Dwight Howard, an eight-time NBA All-Star and one-time Taiwan League All-Star, will meet with Golden State as the team searches for another veteran big man. Howard won the Defensive Player of the Year award three times, led the NBA in rebounding five times and in blocks twice, and annoyed teammates on at least five difference franchises. Most recently, Howard played for the Taoyuan Leopards of the T1 League in Taiwan, who he led to a 6-24 record.

(Note: The Taoyuan Leopard merged with the TaiwanBeer HeroBears this summer and are now the TaiwanBeer Leopards. That was the wrong mascot choice. If anyone knows how to get a HeroBears jersey, please contact the author of this piece.)

Most recently, Howard appeared on Fox’s “Special Forces: World’s Toughest Test” where he distinguished himself by farting relentlessly.

The big man did make it all the way to the finals, but he cracked under the pressure and was removed by the trainers, finishing behind soccer player Carli Lloyd and Bacherlorette Hannah Brown.
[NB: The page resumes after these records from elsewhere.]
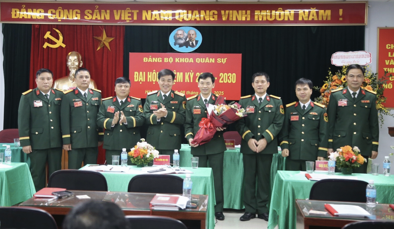 Thực hiện Chỉ thị số 1752-CT/ĐU ngày 20/8/2024 của Thường vụ Đảng ủy Học viện và Hướng dẫn Số 646/HD-CT ngày 28/10/2024 của Phòng Chính trị về tổ chức đại hội Đảng các cấp trong Đảng bộ Học viện, tiến tới Đại hội Đại biểu toàn quốc lần thứ XIV của Đảng, chiều 07 và ngày 08/4/2025, Đảng bộ Khoa Quân sự đã tổ chức Đại hội nhiệm kỳ 2025-2030. Thiếu tướng Lê Anh Tuấn – Đảng ủy viên, Phó Giám đốc Học viện đến dự và chỉ đạo Đại hội.
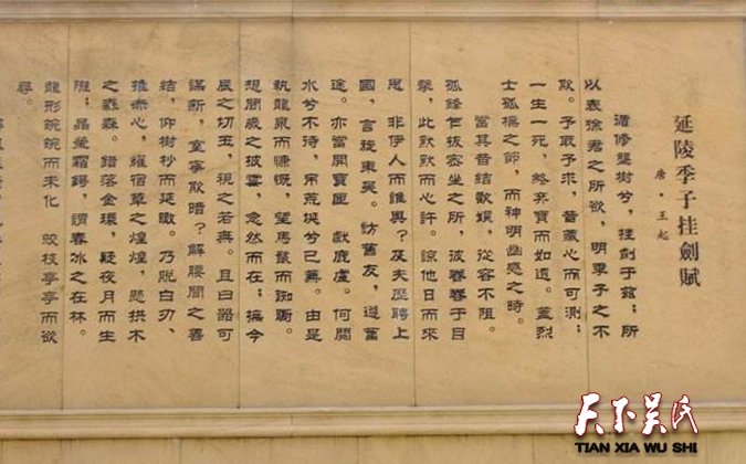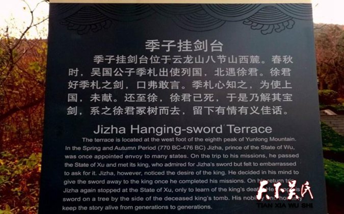 季子挂剑台在徐州云龙山西坡杏花村内,石坊横额上镌刻着“季子挂剑台”。拾级而上,登临高台,徐君墓前有大青石长碑,上刻一联:延陵季子兮不忘故,脱干金剑兮挂丘墓。在墓冢旁筑有碑亭,铭刻着挂剑的故事。景墙两側镶嵌着题刻:“挂剑酬心,践信泉台。”挂剑台作为诚信的象征,是友情与仁义的丰碑,表明了古人对情、对意、对诚实、对诚信的一种珍视。
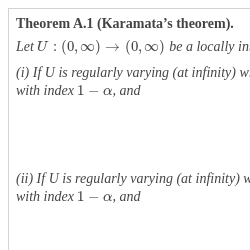 \[ \underset{x\to \infty }{\lim }\frac{\mathbb{P}(\varepsilon >qx)}{\mathbb{P}(\varepsilon >x)}={q^{-\alpha }}\hspace{2em}\text{for all}\hspace{5pt}q\in (0,\infty )\text{,}\]

They buried him, just like Frank Vogel in Howard’s final season with the Lakers.

What would Howard bring to the Warriors?

  1. Age: Officially, Andre Iguodala is the NBA’s oldest player until he retires, but practically, LeBron James is the NBA’s elder statesman. Next is P.J. Tucker, one day older than Golden State’s Chris Paul. Howard would be fourth if he comes back to the league. The Warriors ditched committed to one “timeline” when they dealt Jordan Poole and their two most recent draft picks to get the league’s third-oldest player. Adding Howard would show the Warriors are ready to defy the actuarial tables and win now. Or at least win in 2013.
  2. Boards: Howard is tenth in NBA history with 14,627 rebounds, just 35 behind Kevin Garnett and 88 behind Robert Parish. While he’s no Kevon Looney on the glass, Howard would help the team on the offensive glass. If he pushes two Boston Celtics down the all-time list, that’s a bonus.
  3. Farts: According to former Orlando teammate Glen “Big Baby” Davis, what the Magic missed most after the team traded Howard to the Lakers was his farting ability.

“The thing we’re going to miss most about Dwight,” Davis said. “Is his farting ability.”
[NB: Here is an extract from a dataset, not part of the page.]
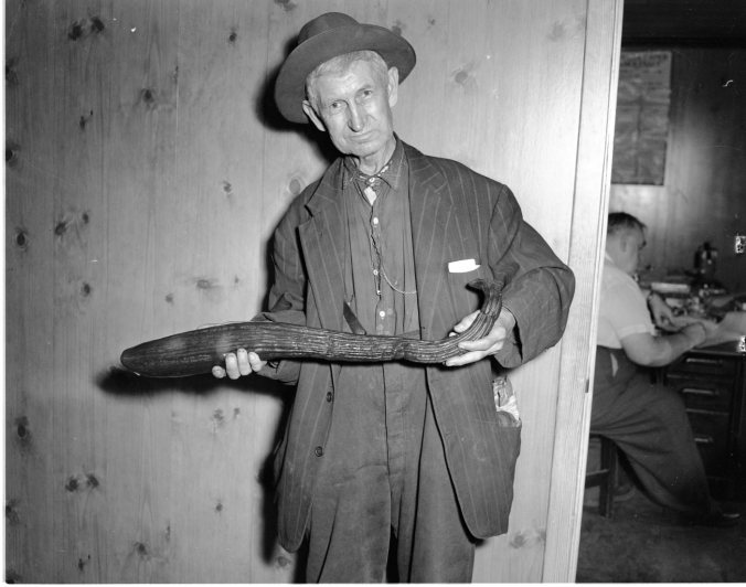 There’s plenty of eating in this cucumber held by Peter Muirhead, grown by C. Moreau, 96 Donalda Street, it was 30 inches long, and there were some even longer in the Moreau garden, Mr. Muirhead reported.

“A great farter,” he contined. “He can fart. He can fart loud — the loudest farts. Silent farts.”

The Warriors have always valued flexibility and a switching defense. Howard can fart in the post, but he’s also agile enough to chase smaller players out to the perimeter to fart. He can fart from the dunker spot, since he’s a much stronger farter at the rim, but Dwight has been known to stink-bomb from deep as well. This is one older player who is never going to run out of gas.

4. Team Unity: It’s a legitimate concern for the Warriors whether the team will get along, especially with longtime enemies Chris Paul and Draymond Green sharing a locker room. But nothing can bring a locker room together like a mutual hatred of one individual. Just like the 1980 U.S. Hockey team put aside old rivalries and bonded over their shared loathing of their coach, Herb Brooks, any tension betwene Paul and Green, young players and old, or coach and players will dissipate once Howard starts doing his terrible impressions on the team plane.
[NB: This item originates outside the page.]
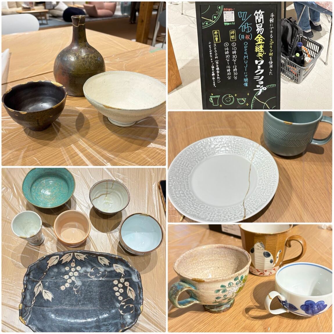 割れたり、欠けたり、ヒビが入ってしてしまった大切な器を捨てるのではなく、簡易金継ぎで修復していただくワークショップ。

5. A revenge tour: Klay Thompson was angry and motivated after being left of the “stupid ass” NBA 75 list in fall of 2021.

Howard was also left off that list. Not only that, his late-career struggles have meant he has lost his beloved “Superman” nickname to Shaquille O’Neal, probably forever, and still gets roasted by O’Neal every week on TNT.

Perhaps Howard and Thompson can both take their hurt feelings out on the NBA this season. But if Klay adopts a superhero nickname as a result, the Warriors could end up a lottery team.

6. A bunch of hippie nonsense: Some fans in the East Bay still resent the Warriors for moving to San Francisco. The team can win back the ones in Berkeley by bringing in Howard and his collection of crystals and sound bowls.

Lord he is annoying.

7. Clicks for Golden State of Mind: Howard’s presence in San Francisco could deliver a steady stream of stupid quotes, unfunny hijinks, complaints about playing time, terrible hairstyles, and possible sex scandals. That is blog gold, my friends. On the court, not so much. SB Nation’s gain would be the Warriors’ loss.

He was 6-24 in Taiwan last year. Hard pass.